START INPUT DATA

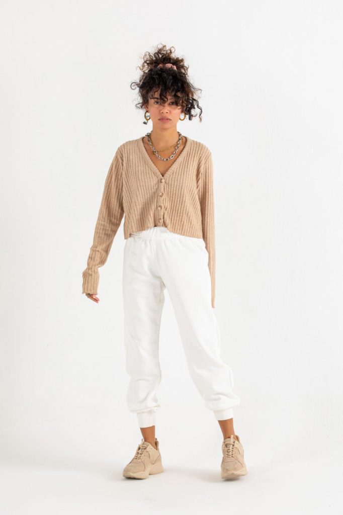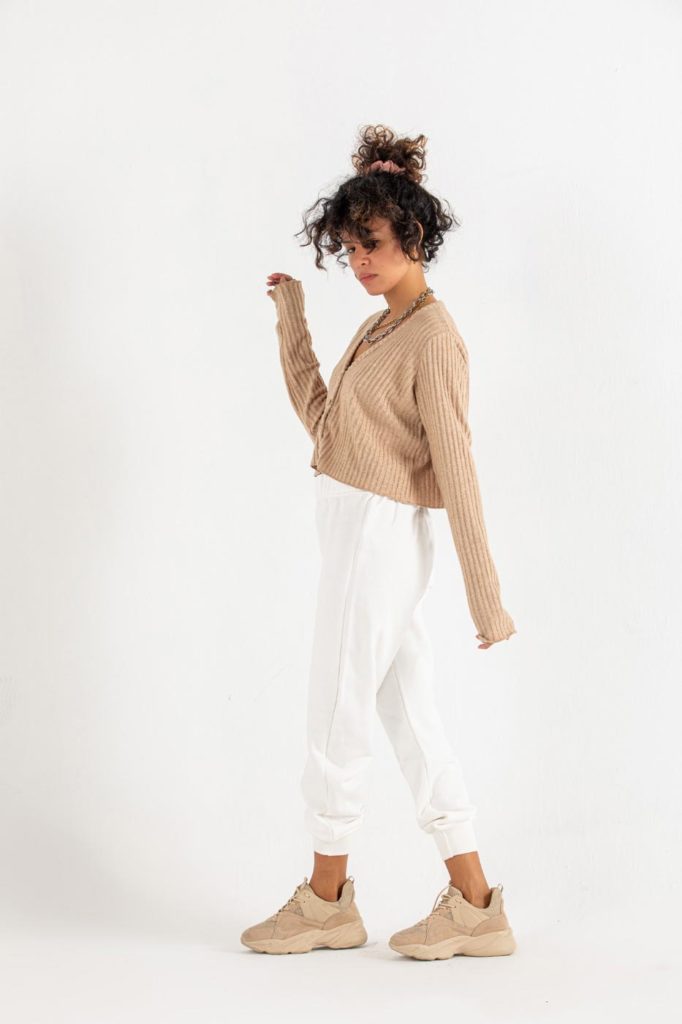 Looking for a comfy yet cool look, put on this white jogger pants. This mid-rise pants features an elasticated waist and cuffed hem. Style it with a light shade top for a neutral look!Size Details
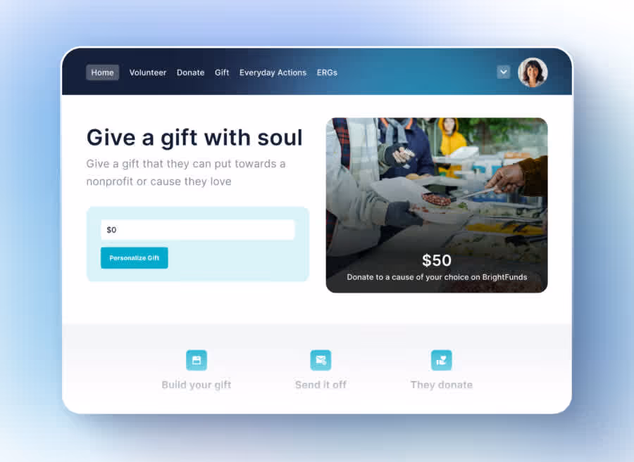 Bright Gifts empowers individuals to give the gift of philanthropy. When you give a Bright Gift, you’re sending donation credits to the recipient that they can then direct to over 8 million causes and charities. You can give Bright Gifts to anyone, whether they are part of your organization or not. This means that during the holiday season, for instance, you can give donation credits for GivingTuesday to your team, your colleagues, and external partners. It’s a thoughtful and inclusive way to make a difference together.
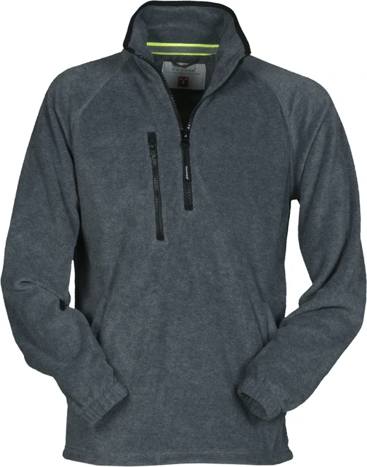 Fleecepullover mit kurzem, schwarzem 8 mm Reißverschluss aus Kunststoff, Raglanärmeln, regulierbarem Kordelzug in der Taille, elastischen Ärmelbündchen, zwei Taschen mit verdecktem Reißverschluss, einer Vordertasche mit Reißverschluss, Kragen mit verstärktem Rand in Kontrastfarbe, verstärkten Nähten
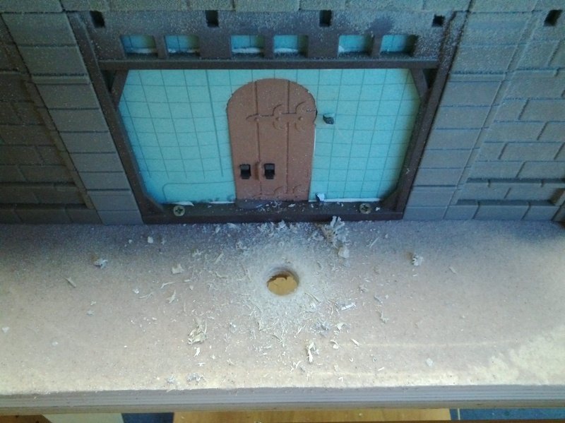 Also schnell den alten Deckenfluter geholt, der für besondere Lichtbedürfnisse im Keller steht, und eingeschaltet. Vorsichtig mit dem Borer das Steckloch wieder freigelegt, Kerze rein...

END INPUT DATA
START INPUT DATA

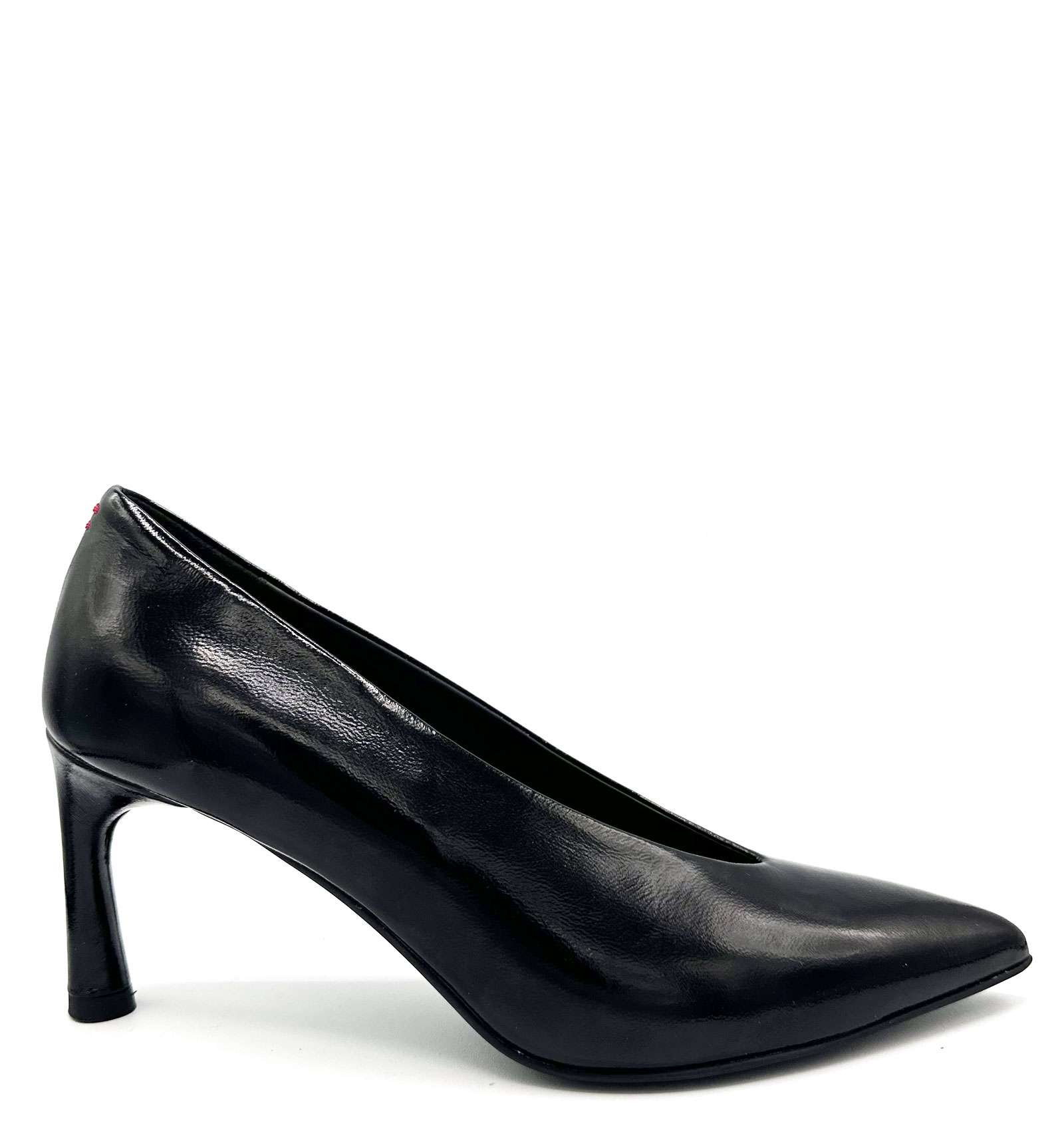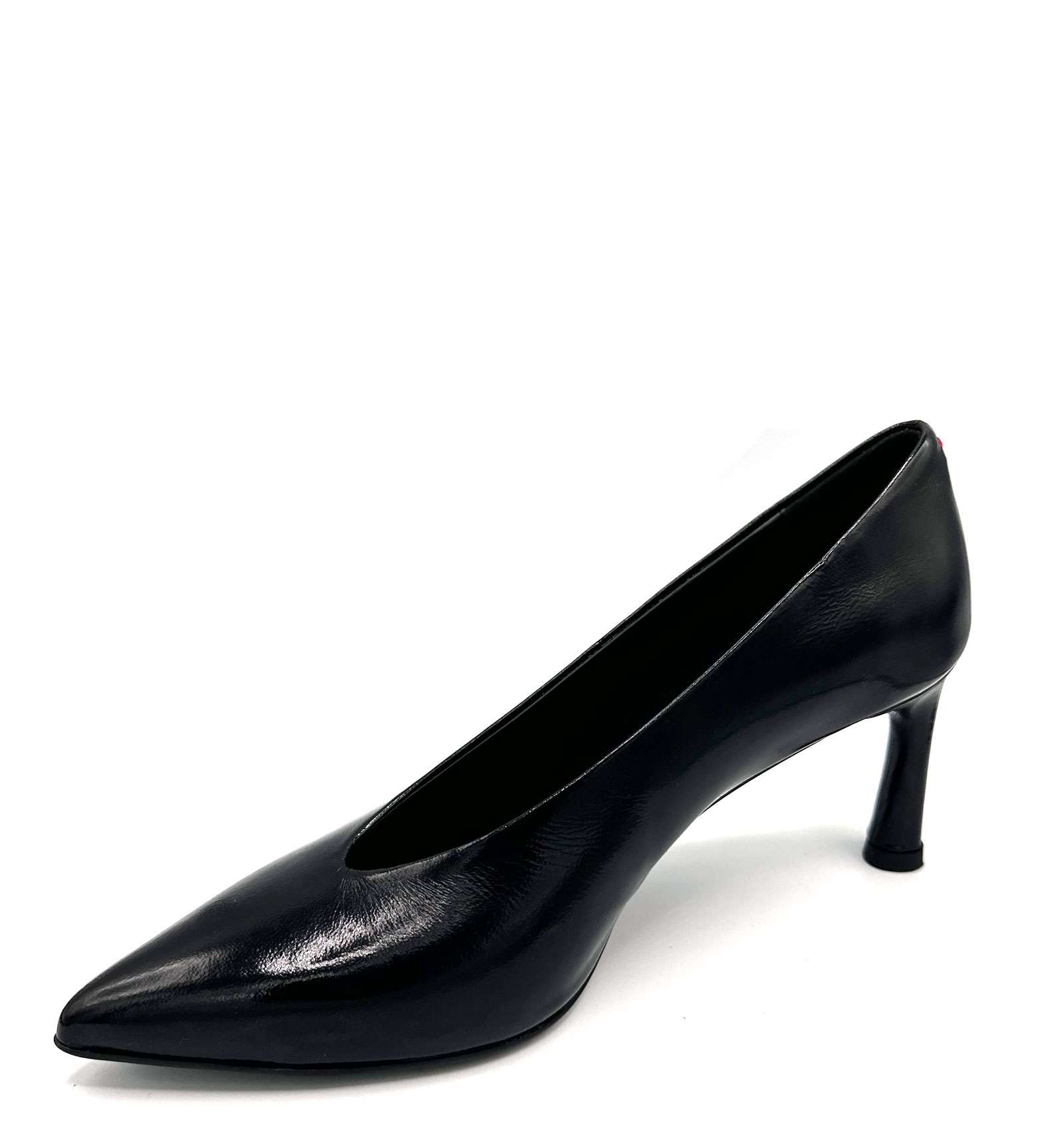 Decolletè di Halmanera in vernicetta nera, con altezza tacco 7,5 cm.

END INPUT DATA

#### TASK DESCRIPTION
What you write out is the stretch of entries from the line containing "Bright Gifts empowers" to the line containing "Also schnell den", word for word, with both end lines and no pictures.

#### ANSWER TO THIS TASK
 Bright Gifts empowers individuals to give the gift of philanthropy. When you give a Bright Gift, you’re sending donation credits to the recipient that they can then direct to over 8 million causes and charities. You can give Bright Gifts to anyone, whether they are part of your organization or not. This means that during the holiday season, for instance, you can give donation credits for GivingTuesday to your team, your colleagues, and external partners. It’s a thoughtful and inclusive way to make a difference together.
 Fleecepullover mit kurzem, schwarzem 8 mm Reißverschluss aus Kunststoff, Raglanärmeln, regulierbarem Kordelzug in der Taille, elastischen Ärmelbündchen, zwei Taschen mit verdecktem Reißverschluss, einer Vordertasche mit Reißverschluss, Kragen mit verstärktem Rand in Kontrastfarbe, verstärkten Nähten
 Also schnell den alten Deckenfluter geholt, der für besondere Lichtbedürfnisse im Keller steht, und eingeschaltet. Vorsichtig mit dem Borer das Steckloch wieder freigelegt, Kerze rein...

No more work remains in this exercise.